Higher WBP2 protein expression is associated with higher WBP2 mRNA and copy number alterations, as well as breast cancer progression in TCGA BRCA (A) TCGA BRCA samples were arranged according to WBP2 protein z‐scores and stratified into two groups according to their median (vertical lines). The two groups are termed as ‘WBP2p_low’ (green triangle) and ‘WBP2p_high’ (red dot). (B) Comparison of (i) WBP2 protein z‐scores and (ii) log2(WBP2 mRNA expression) ***P < 0.001 (unpaired t‐test) (C) Percentage of samples in each stage of American Joint Committee on Cancer (AJCC) stage code was computed and plotted on a bar char. Chi‐squared test was performed to determine the statistical significance. (D) Workflow to filter and select the DEGs in WBP2p_high and WBP2p_low groups. The significance of DEGs in the two groups was derived from Student's t‐test.

To delineate potential mechanisms regulated by WBP2, we analyzed the signaling network associated with WBP2 protein expression in TCGA BRCA. Since transcriptional regulation is a primary consequence of a myriad of signaling pathway activation [43], we analyzed the DEGs between WBP2p_low and WBP2p_high groups will reflect the signaling network associated with WBP2 protein levels. The DEGs in both WBP2p_low and WBP2p_high groups were selected based on the following two filters: (a) P ≤ 0.05 and (b) |log2FC| ≥ 0.3 [i.e., fold change (FC) > 1.23] (Fig. 2D and Table S4). The fold change in 1.23 is well within the benchmark that is widely adopted in transcriptomic studies [26, 44, 45]. Enrichment analysis of selected DEGs revealed that WBP2 is involved in multiple signaling pathways (Table 1). Several pathways such as Wnt [17, 22, 26] and EGFR [39] had been previously reported to be associated with WBP2, thereby increasing the validity of this integrated proteogenomic study.
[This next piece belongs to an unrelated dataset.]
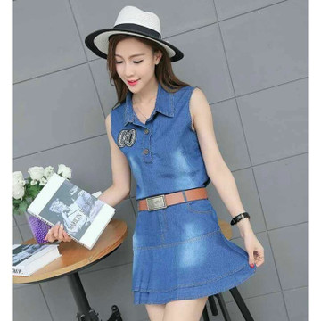 2016夏新款韓版時(shí)尚名媛修身無袖上衣+半身A字裙牛仔裙套裝 /
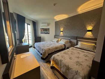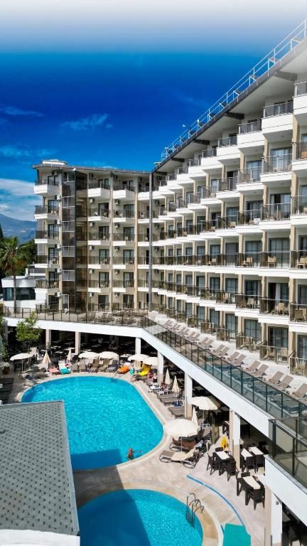 Честно мы были в шоке,какой хороший отель,питание,персонал сделали свое дело и оставили очень хорошее впечатление! Во первых заселили нас в 11 утра без проблем,и предложили два номера на выбор,девушка на ресепшене русскоговорящая-просто ангел! Из еды выбор большой,даже была красная рыба неоднократно! Так же в подарок принесли бутылку красного вина и фрукты в номер) номер очень большой и просторный,каждый день меняли воду,шампуни,производили уборку! Мы честно сказать еще в шоке были что вай фай везде был супер,даже на пляже,шезлонги с матрасами бесплатно,если бронировать через букинг то пляжные полотенца тоже бесплатно,на пляже чай кофе соки и вода! В отеле много людей среднего возраста,а нас была компания девочек 23-27 лет,но все равно было очень весело и мы вернемся еще не раз,так как постоянно отдыхаем в алании! На пляже очень красивые локации и шезлонги из дерева

Additionally, other novel pathways were also revealed to be linked to WBP2, such as cadherin signaling, gonadotropin‐releasing hormone receptor, and integrin and p53 pathways. Interestingly, gene ontology analysis showed WBP2 protein expression to be associated with DEGs involved in inflammatory pathways such as chemokine and cytokine signaling, TGFβ signaling, and Toll receptor pathway (Table 1). This finding coincides with our previous RNA‐Seq analysis in which WBP2 was implicated in various inflammatory response pathways such as TNF signaling, cytokine–cytokine receptor interaction, NF‐κB pathway, and Toll‐like signaling [26].

Table 1

Gene Ontology (GO) analysis of DEGs in both WBP2p_high and WBP2p_low groups using PANTHER database (P < 0.05; |log2FC| > 0.3; inflammatory signaling highlighted in red).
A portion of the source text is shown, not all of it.